### Problem to work on
Make an exact copy of the whole listing, but leave its pictures out.

### Information provided

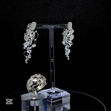 Zərgərlik dəsti – sırğalar və üzük - Material: ağ metal əsas (gümüş tonlu), parlaq cilalanmış səth. - Dizayn: üzvi formalı oval və damcı elementlərin mozaikası; şəffaf, parlaq kəsimli daşlarla (ku...
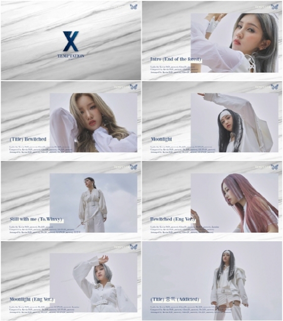 공개된 영상에는 더블 타이틀곡 'Bewitched'와 '중독(Addicted)'을 비롯해 'Intro (End of the forest), 'Moonlight', 'Still with me (To. Winxy)', 'Bewitched(Eng Ver.)', 'Moonlight(Eng Ver.)' 등 마녀에게 중독되어 집어 삼켜지는 세계관을 녹여낸 매력적인 총 7개의 수록곡이 담겨 있어 벌서부터 완곡에 대한 K-POP 팬들의 궁금증을 자극한다.
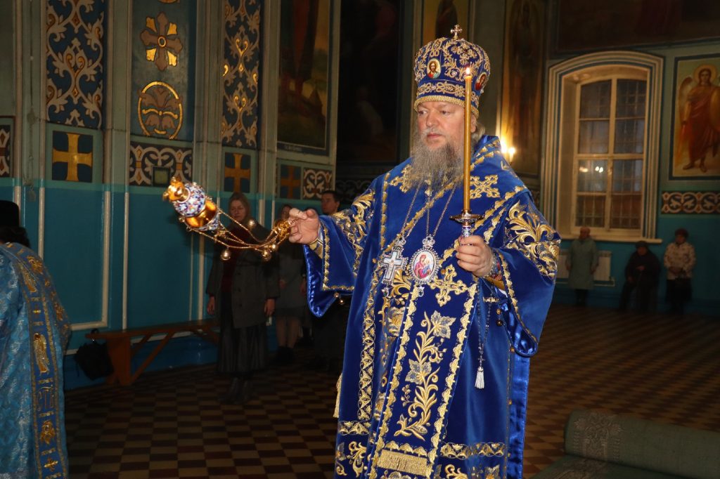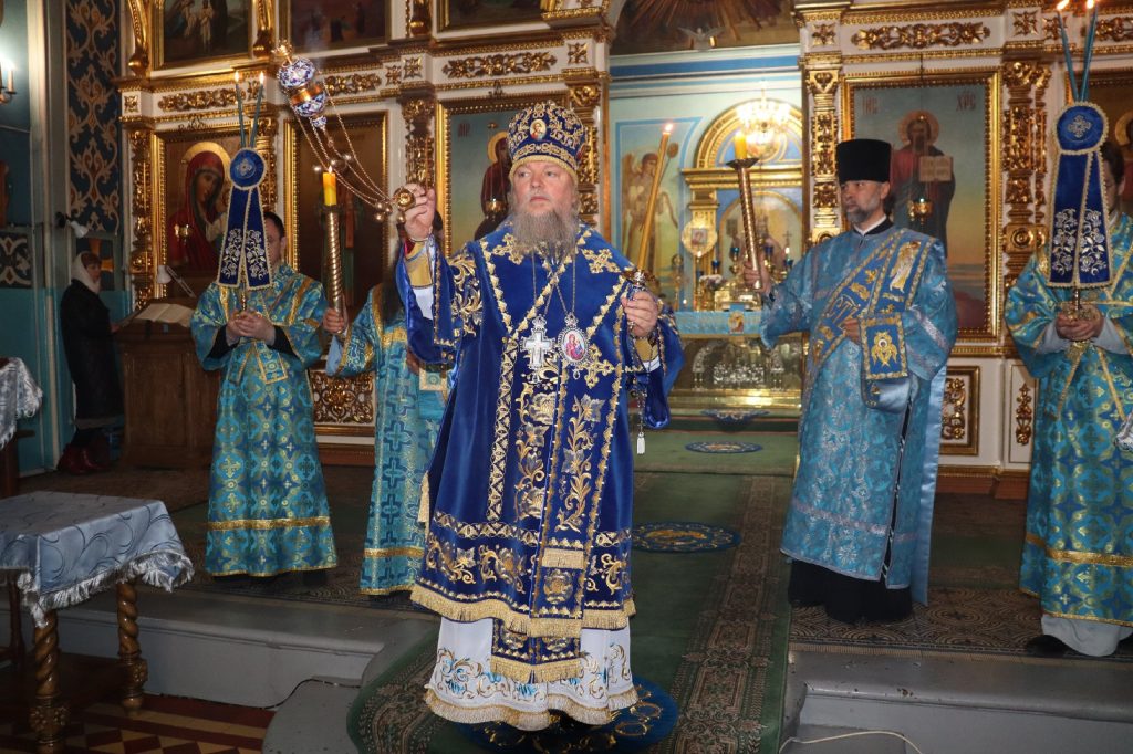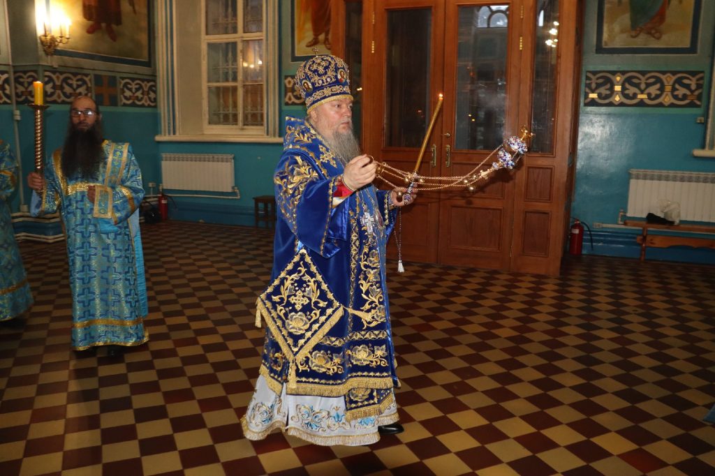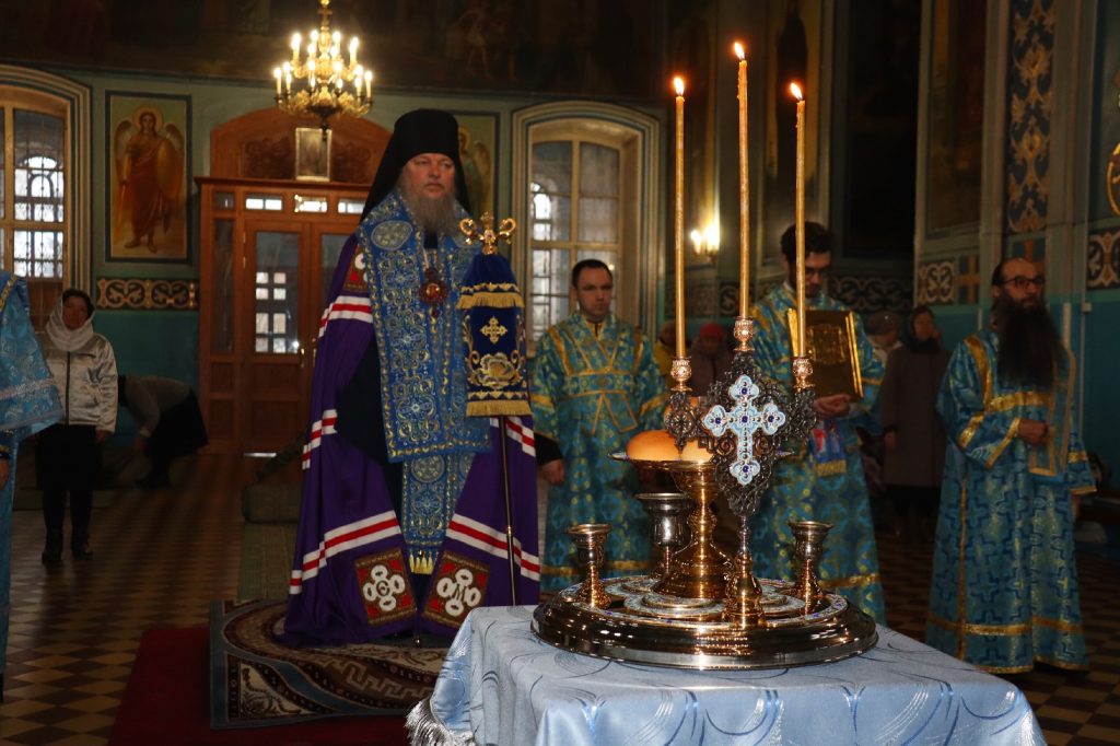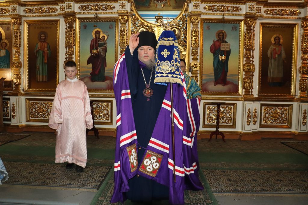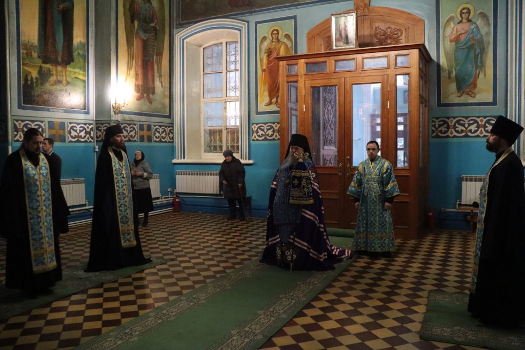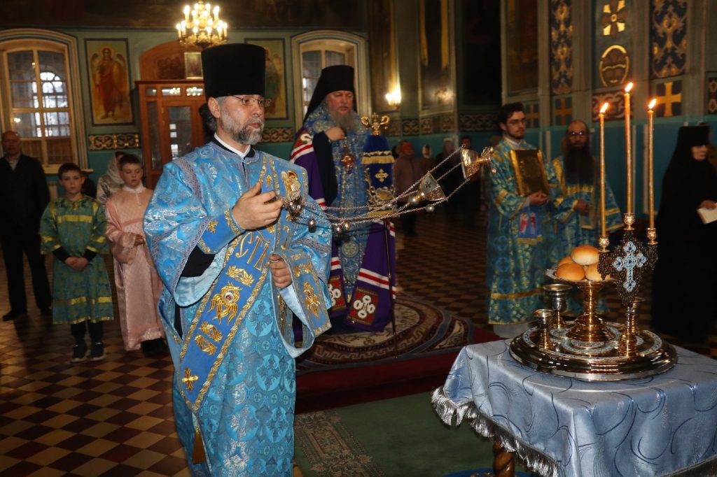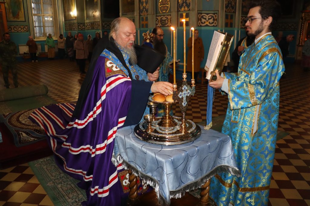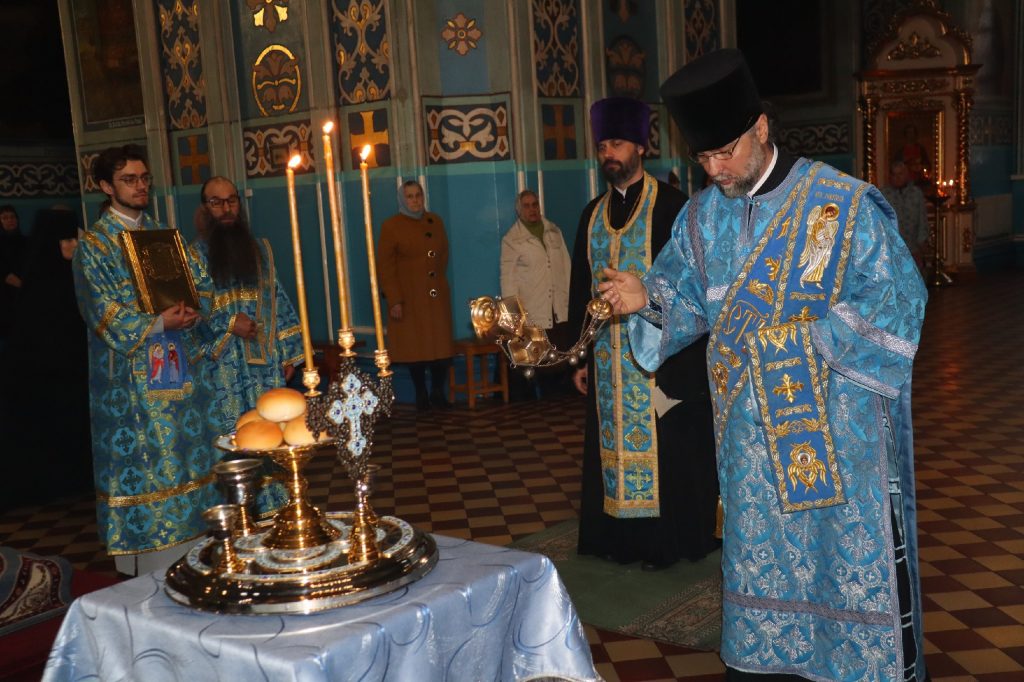 За вечерним богослужением епископ Митрофан совершил литию с освящением хлебов, пшеницы, вина и елея.
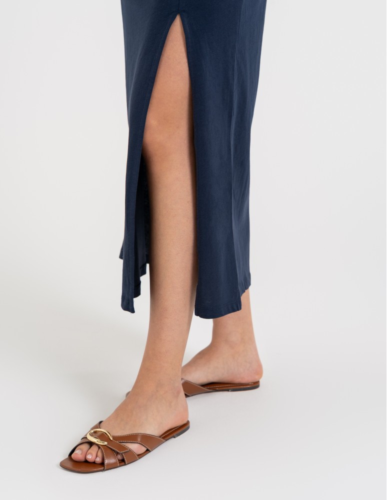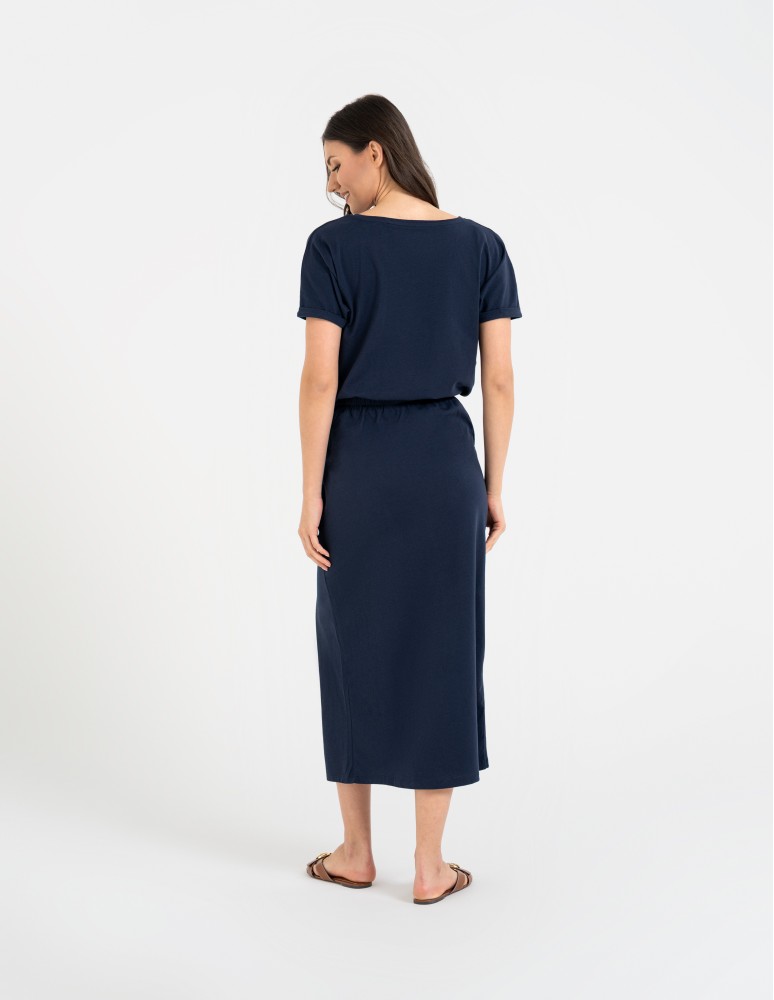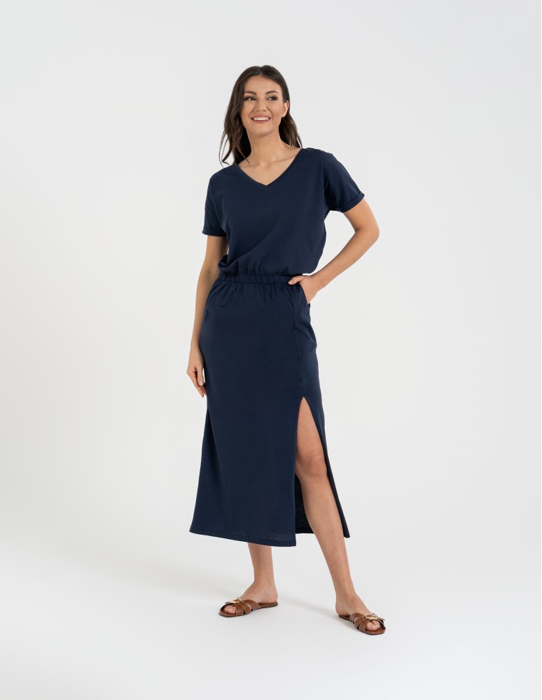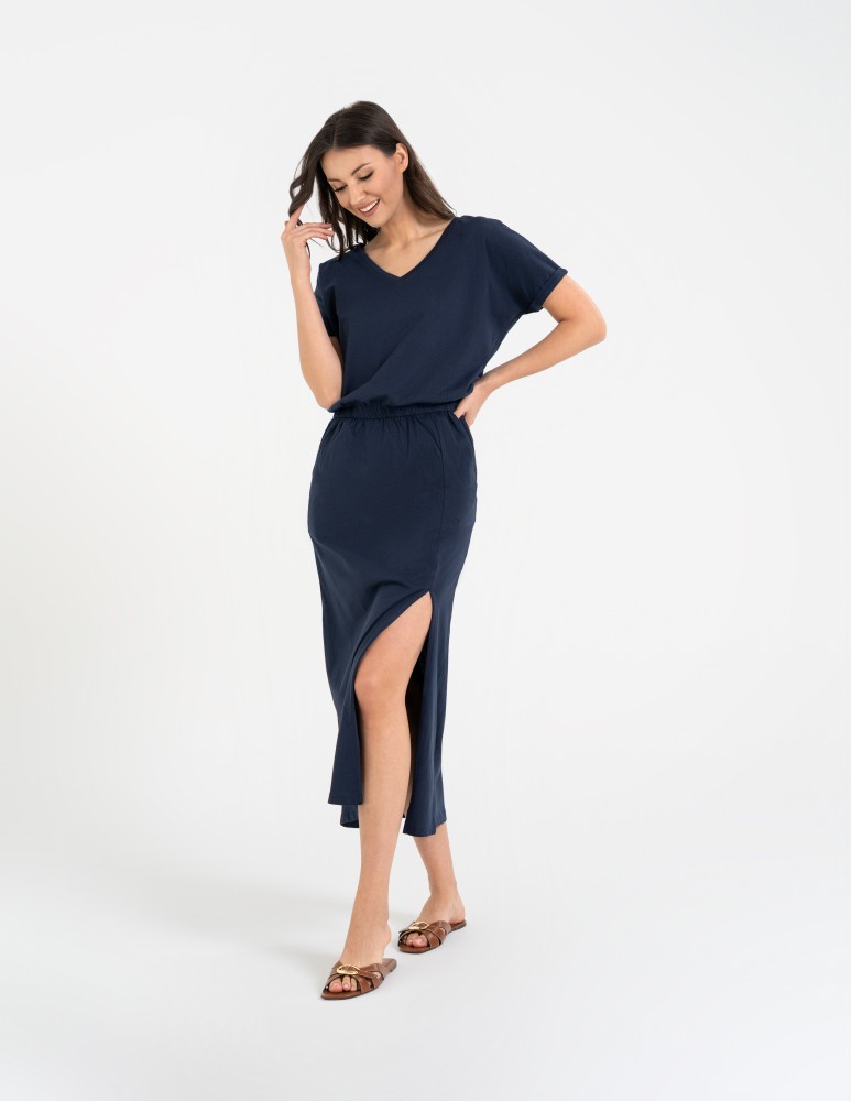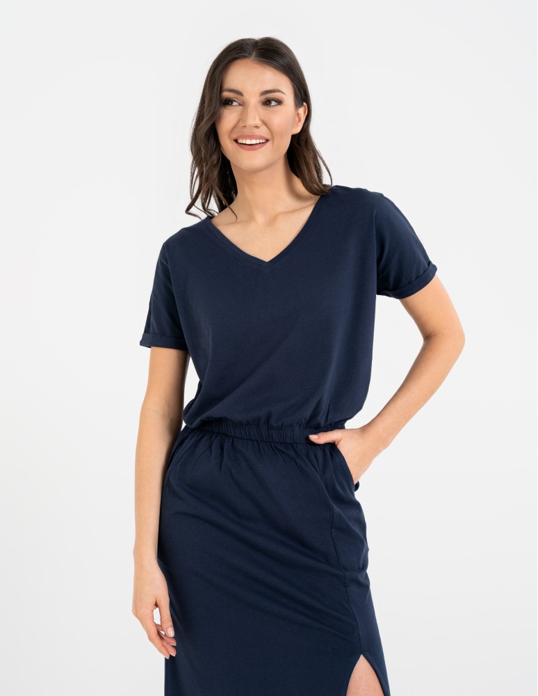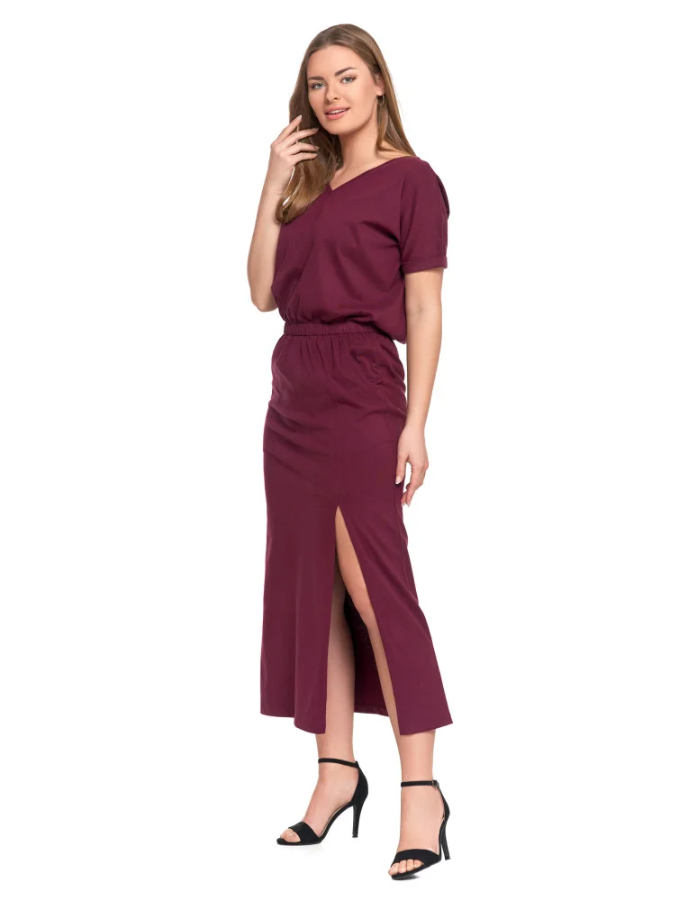 Sukienka damska maxi z rozcięciem i dekoltem V bawełniana FIOLETOWY

### Answer to this exercise
 Zərgərlik dəsti – sırğalar və üzük - Material: ağ metal əsas (gümüş tonlu), parlaq cilalanmış səth. - Dizayn: üzvi formalı oval və damcı elementlərin mozaikası; şəffaf, parlaq kəsimli daşlarla (ku...
 공개된 영상에는 더블 타이틀곡 'Bewitched'와 '중독(Addicted)'을 비롯해 'Intro (End of the forest), 'Moonlight', 'Still with me (To. Winxy)', 'Bewitched(Eng Ver.)', 'Moonlight(Eng Ver.)' 등 마녀에게 중독되어 집어 삼켜지는 세계관을 녹여낸 매력적인 총 7개의 수록곡이 담겨 있어 벌서부터 완곡에 대한 K-POP 팬들의 궁금증을 자극한다.
 За вечерним богослужением епископ Митрофан совершил литию с освящением хлебов, пшеницы, вина и елея.
 Sukienka damska maxi z rozcięciem i dekoltem V bawełniana FIOLETOWY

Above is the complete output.